*Raw data*.
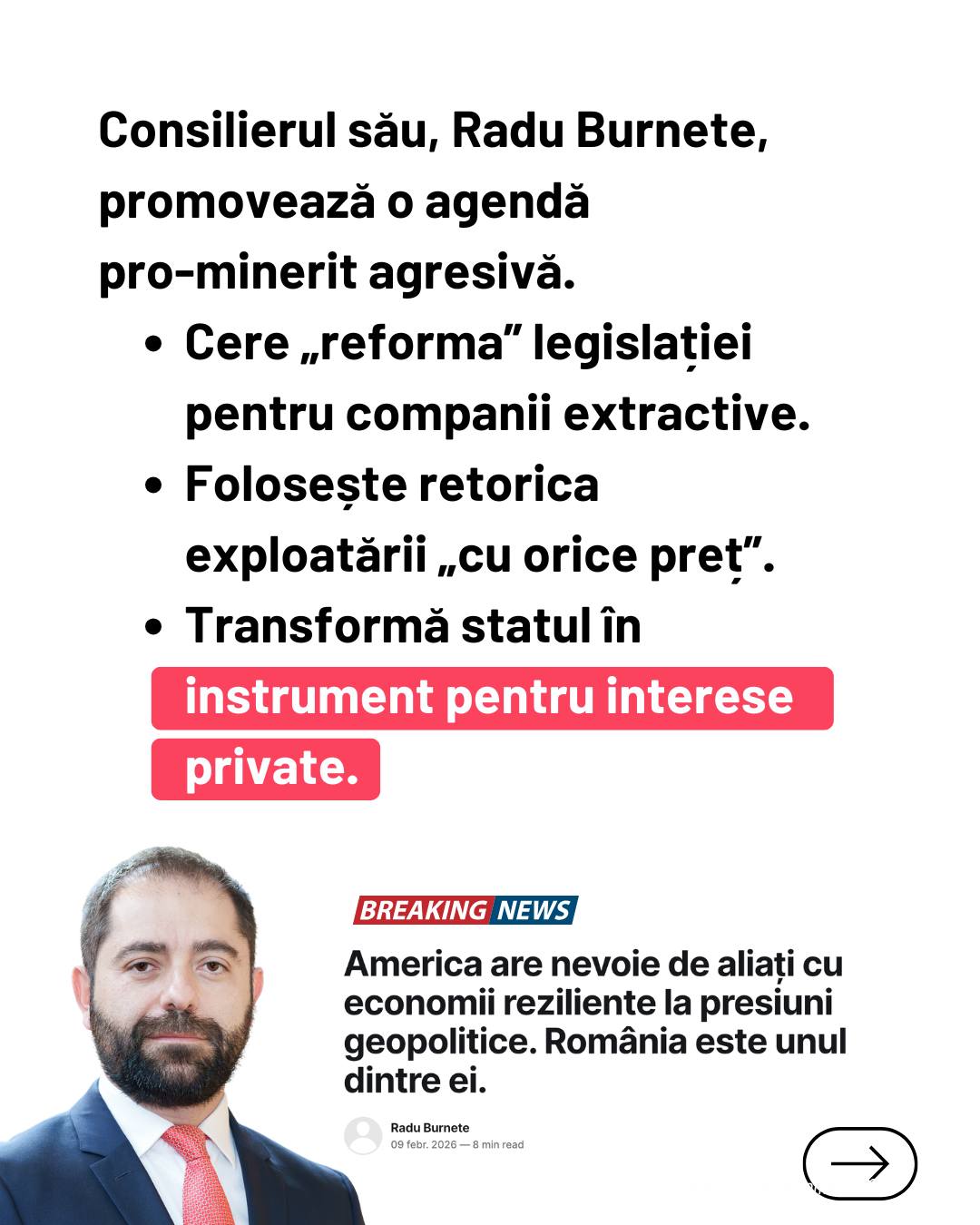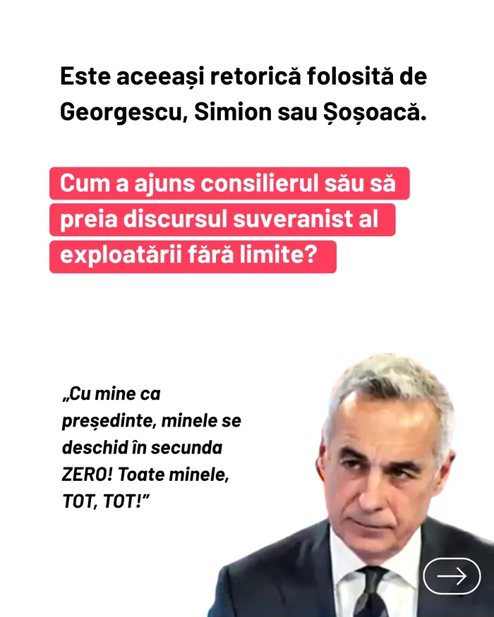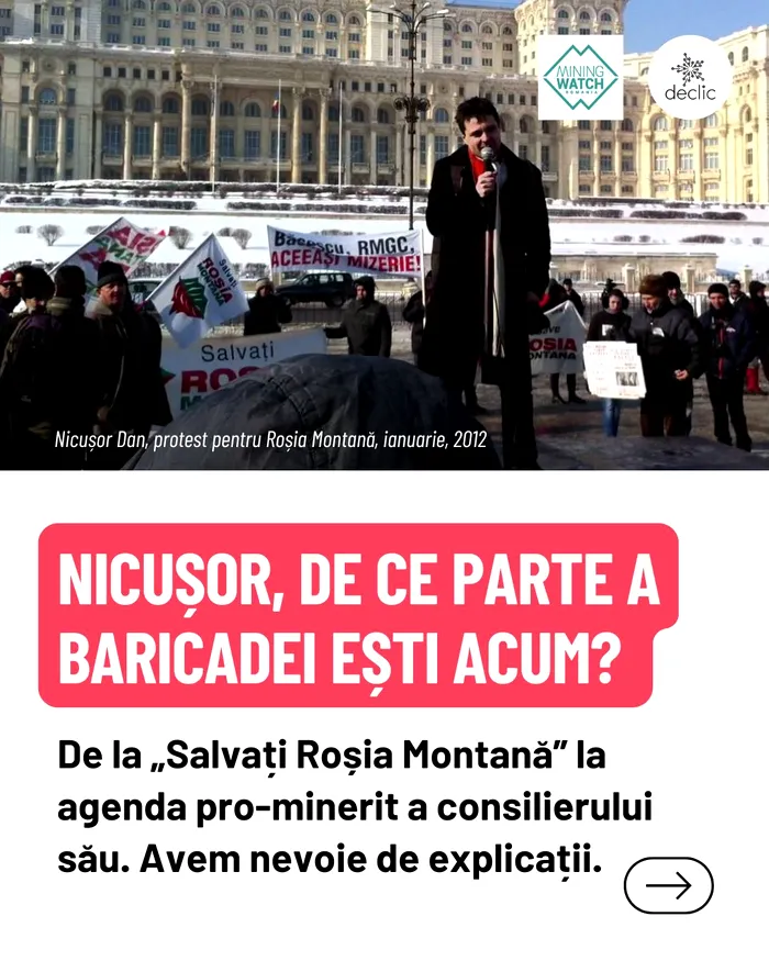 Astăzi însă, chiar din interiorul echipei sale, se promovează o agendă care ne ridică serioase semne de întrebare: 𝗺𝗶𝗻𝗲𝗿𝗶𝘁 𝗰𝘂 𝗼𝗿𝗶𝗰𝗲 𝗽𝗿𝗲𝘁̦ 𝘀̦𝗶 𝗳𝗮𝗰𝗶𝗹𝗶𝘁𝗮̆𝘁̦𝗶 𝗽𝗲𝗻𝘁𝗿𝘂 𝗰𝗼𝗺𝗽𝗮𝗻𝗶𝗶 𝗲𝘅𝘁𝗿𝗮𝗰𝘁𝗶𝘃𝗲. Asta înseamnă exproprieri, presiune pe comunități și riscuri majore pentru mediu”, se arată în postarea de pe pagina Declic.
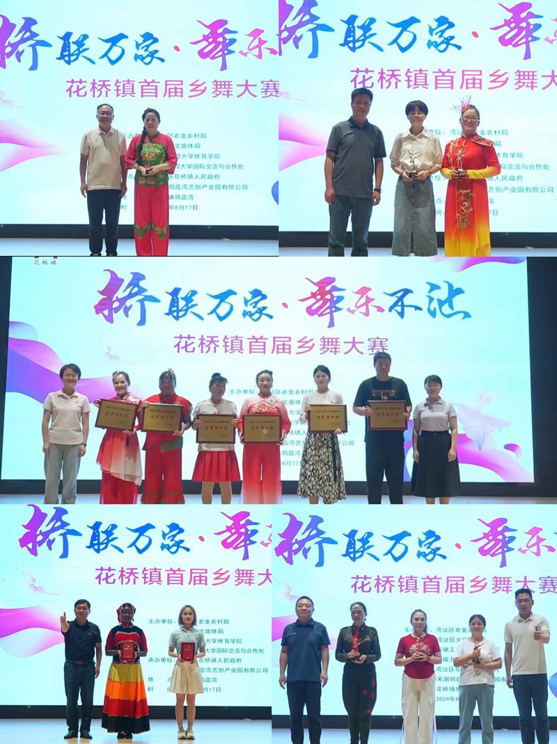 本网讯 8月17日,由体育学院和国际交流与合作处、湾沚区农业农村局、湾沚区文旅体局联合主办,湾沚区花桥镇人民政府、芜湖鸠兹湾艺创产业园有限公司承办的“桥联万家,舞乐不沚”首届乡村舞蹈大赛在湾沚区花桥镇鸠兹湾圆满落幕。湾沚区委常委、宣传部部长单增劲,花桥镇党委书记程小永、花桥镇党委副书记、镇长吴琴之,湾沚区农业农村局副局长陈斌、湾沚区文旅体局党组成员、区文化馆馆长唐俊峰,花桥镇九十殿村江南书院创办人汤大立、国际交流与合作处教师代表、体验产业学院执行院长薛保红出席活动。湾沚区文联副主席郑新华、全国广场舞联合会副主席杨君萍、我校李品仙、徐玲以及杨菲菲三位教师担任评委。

---

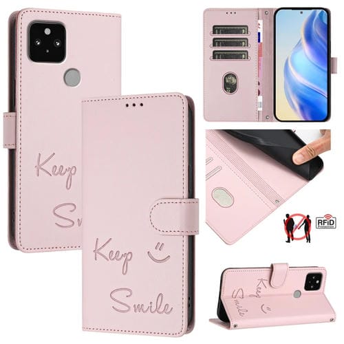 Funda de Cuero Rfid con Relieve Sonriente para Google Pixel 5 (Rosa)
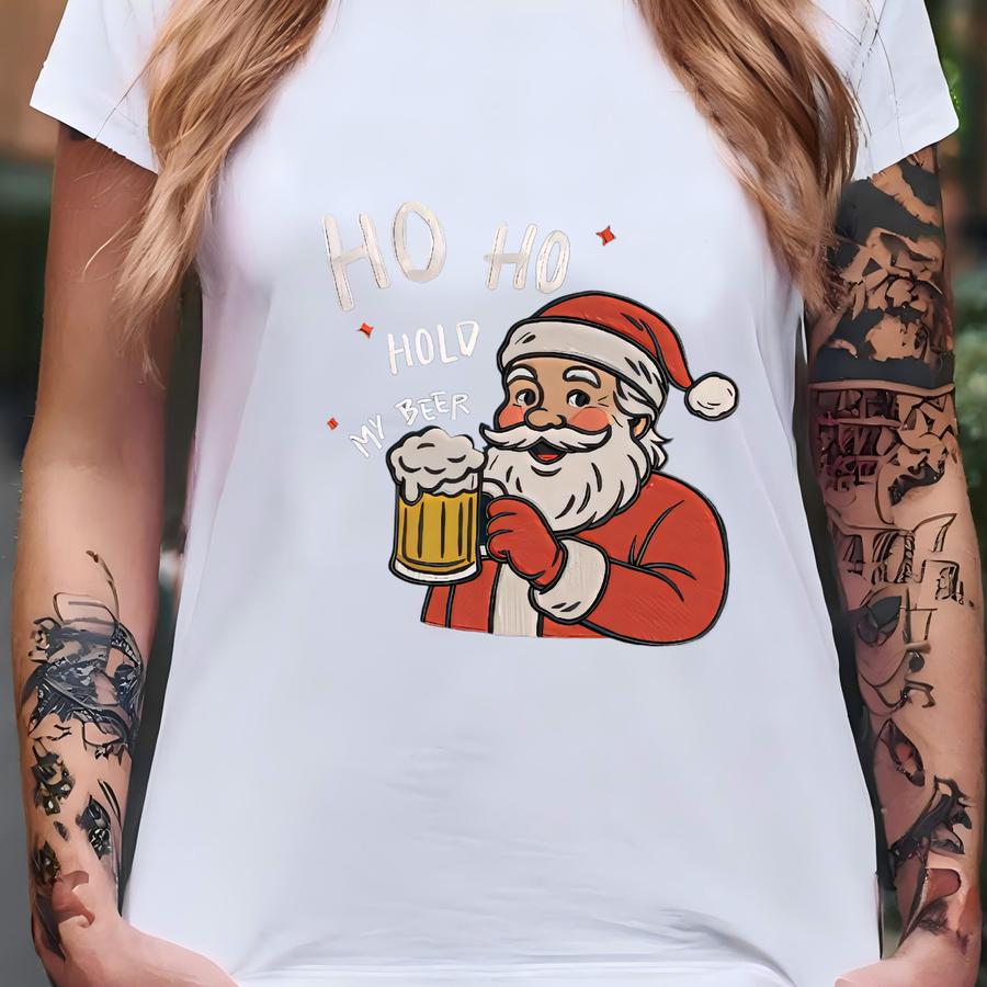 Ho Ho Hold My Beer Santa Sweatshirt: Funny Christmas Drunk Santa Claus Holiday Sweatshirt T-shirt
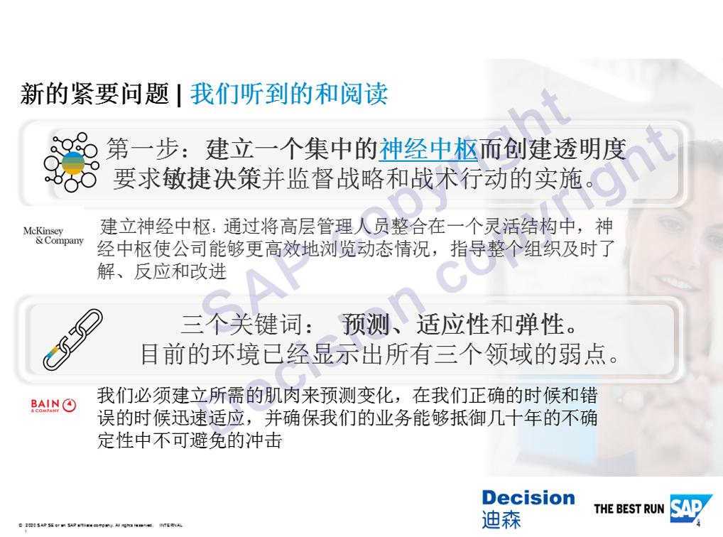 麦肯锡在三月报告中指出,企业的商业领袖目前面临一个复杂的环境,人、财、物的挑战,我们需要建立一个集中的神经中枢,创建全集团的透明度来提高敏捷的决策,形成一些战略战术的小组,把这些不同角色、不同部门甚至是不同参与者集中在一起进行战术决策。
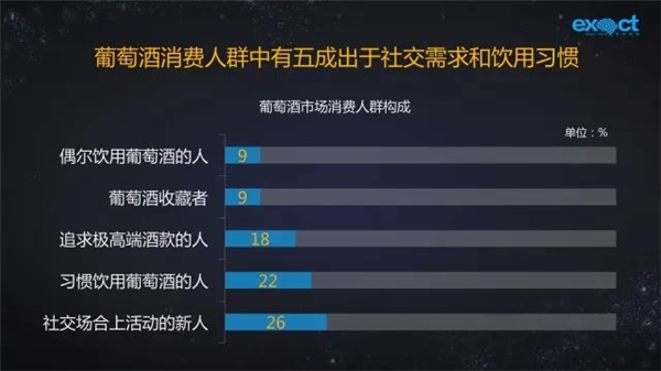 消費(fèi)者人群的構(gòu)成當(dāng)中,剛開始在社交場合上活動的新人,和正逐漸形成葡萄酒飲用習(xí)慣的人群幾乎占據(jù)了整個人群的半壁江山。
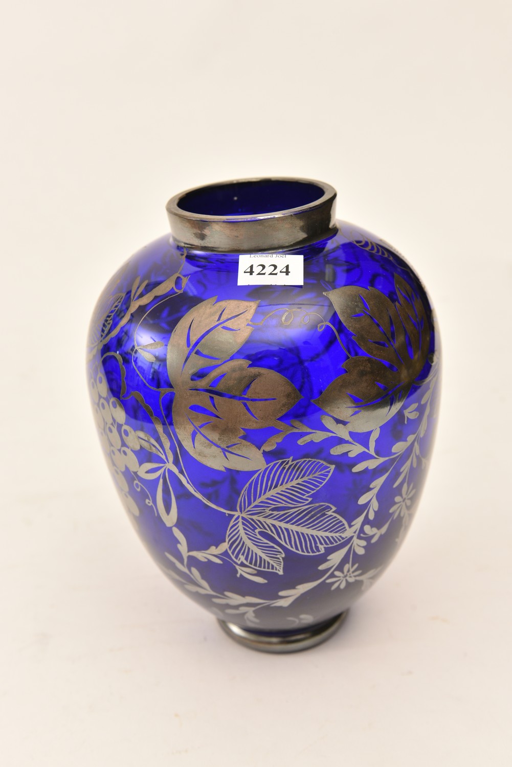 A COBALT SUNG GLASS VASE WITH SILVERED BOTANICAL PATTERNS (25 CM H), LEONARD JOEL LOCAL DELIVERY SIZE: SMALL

*Your task*. Within the listing above, the stretch from the line with "Ho Ho Hold My" down to the line with "A COBALT SUNG" is to be given again exactly, end lines included and pictures excluded.

*Output for this exercise*.
 Ho Ho Hold My Beer Santa Sweatshirt: Funny Christmas Drunk Santa Claus Holiday Sweatshirt T-shirt
 麦肯锡在三月报告中指出,企业的商业领袖目前面临一个复杂的环境,人、财、物的挑战,我们需要建立一个集中的神经中枢,创建全集团的透明度来提高敏捷的决策,形成一些战略战术的小组,把这些不同角色、不同部门甚至是不同参与者集中在一起进行战术决策。
 消費(fèi)者人群的構(gòu)成當(dāng)中,剛開始在社交場合上活動的新人,和正逐漸形成葡萄酒飲用習(xí)慣的人群幾乎占據(jù)了整個人群的半壁江山。
 A COBALT SUNG GLASS VASE WITH SILVERED BOTANICAL PATTERNS (25 CM H), LEONARD JOEL LOCAL DELIVERY SIZE: SMALL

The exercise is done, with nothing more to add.